2013
12-04

# Clock

There is an analog clock with two hands: an hour hand and a minute hand. The two hands form an angle. The angle is measured as the smallest angle between the two hands. The angle between the two hands has a measure that is greater than or equal to 0 and less than or equal to 180 degrees.

Given a sequence of five distinct times written in the format hh : mm , where hh are two digits representing full hours (00 <= hh <= 23) and mm are two digits representing minutes (00 <= mm <= 59) , you are to write a program that finds the median, that is, the third element of the sorted sequence of times in a nondecreasing order of their associated angles. Ties are broken in such a way that an earlier time precedes a later time.

For example, suppose you are given a sequence (06:05, 07:10, 03:00, 21:00, 12:55) of times. Because the sorted sequence is (12:55, 03:00, 21:00, 06:05, 07:10), you are to report 21:00.

The input consists of T test cases. The number of test cases (T) is given on the first line of the input file. Each test case is given on a single line, which contains a sequence of five distinct times, where times are given in the format hh : mm and are separated by a single space.

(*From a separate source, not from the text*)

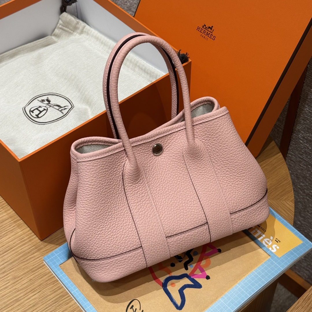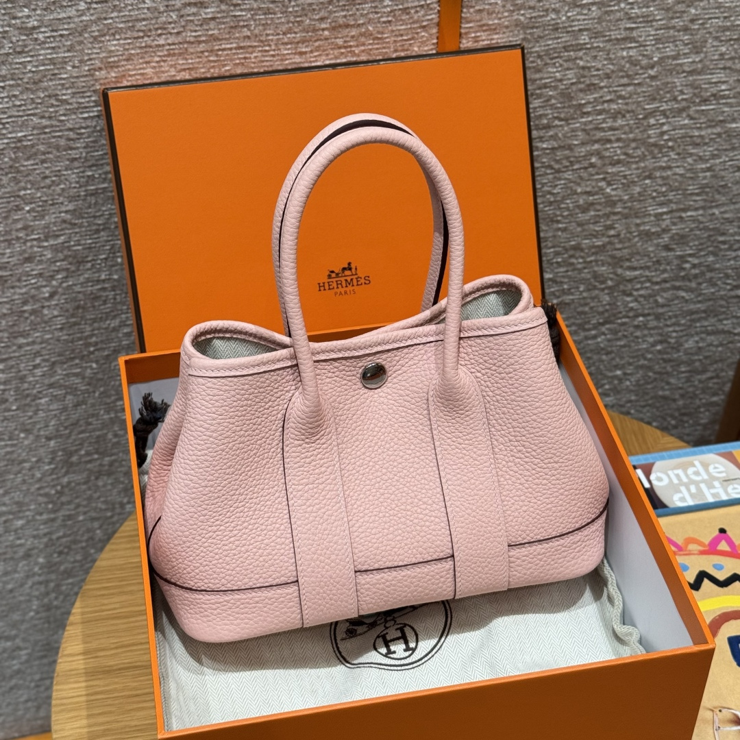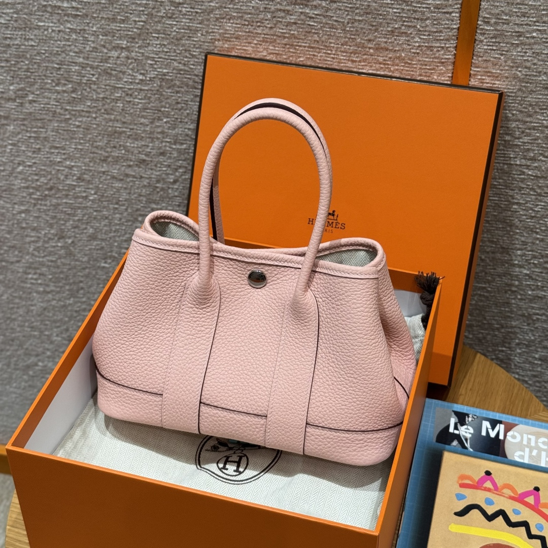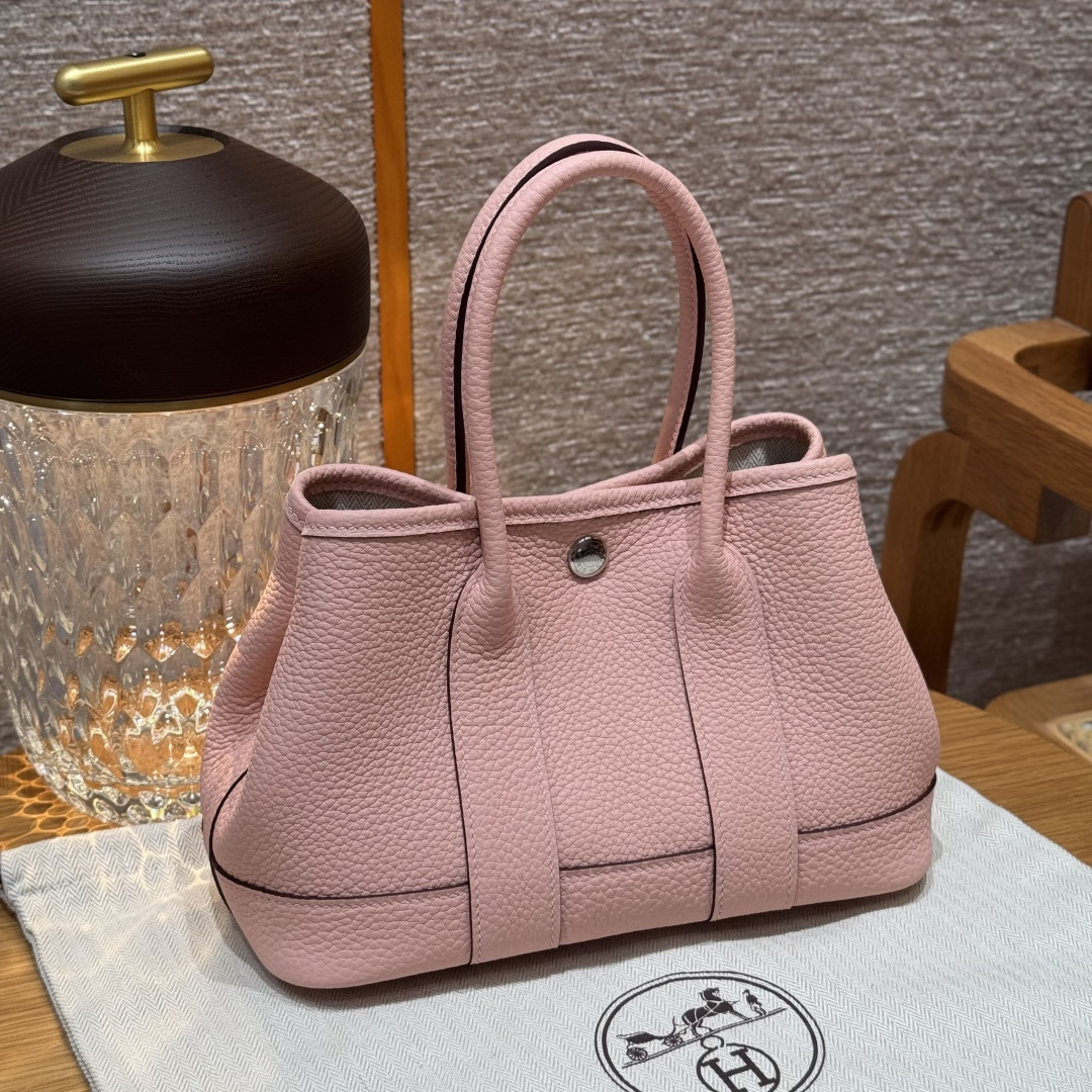 Garden bag 23cm, 3Q pink, Negonda leather, original French imported cowhide, silver clasp, fully hand-stitched high-end custom-made.

Print exactly one line for each test case. The line is to contain the median in the format hh : mm of the times given. The following shows sample input and output for three test cases.

3
00:00 01:00 02:00 03:00 04:00
06:05 07:10 03:00 21:00 12:55
11:05 12:05 13:05 14:05 15:05

02:00
21:00
14:05

mark：题目很简单，角度也很好算：时针每小时走30度，每分钟走0.5度。分针每分钟走6度。做差后取绝对值，再和180比一下，如果大于180，用360减。

# include <stdio.h>
# include <stdlib.h>

typedef struct TIME{
int hh, mm ;
int ang ;
} TIME ;

int cmp(const void *a, const void *b)
{
TIME *p = (TIME*)a, *q = (TIME*)b ;
if (p->ang != q->ang)
return p->ang - q->ang ;

if (p->hh != q->hh) return p->hh - q->hh ;
return p->mm - q->mm ;
}

int abs(int x){return x<0?-x:x;}

int main ()
{
int i, T ;
TIME time[5] ;
scanf ("%d", &T) ;
while (T--)
{
for(i = 0 ; i < 5 ; i++)
{
scanf ("%d:%d", &time[i].hh, &time[i].mm) ;
time[i].ang = abs((time[i].hh%12)*60+time[i].mm - time[i].mm*12) ;
if (time[i].ang > 360) time[i].ang = 720 - time[i].ang ;
}
qsort(time, 5, sizeof(time[0]), cmp) ;
printf ("%02d:%02d\n", time[2].hh, time[2].mm) ;
}
return 0 ;
}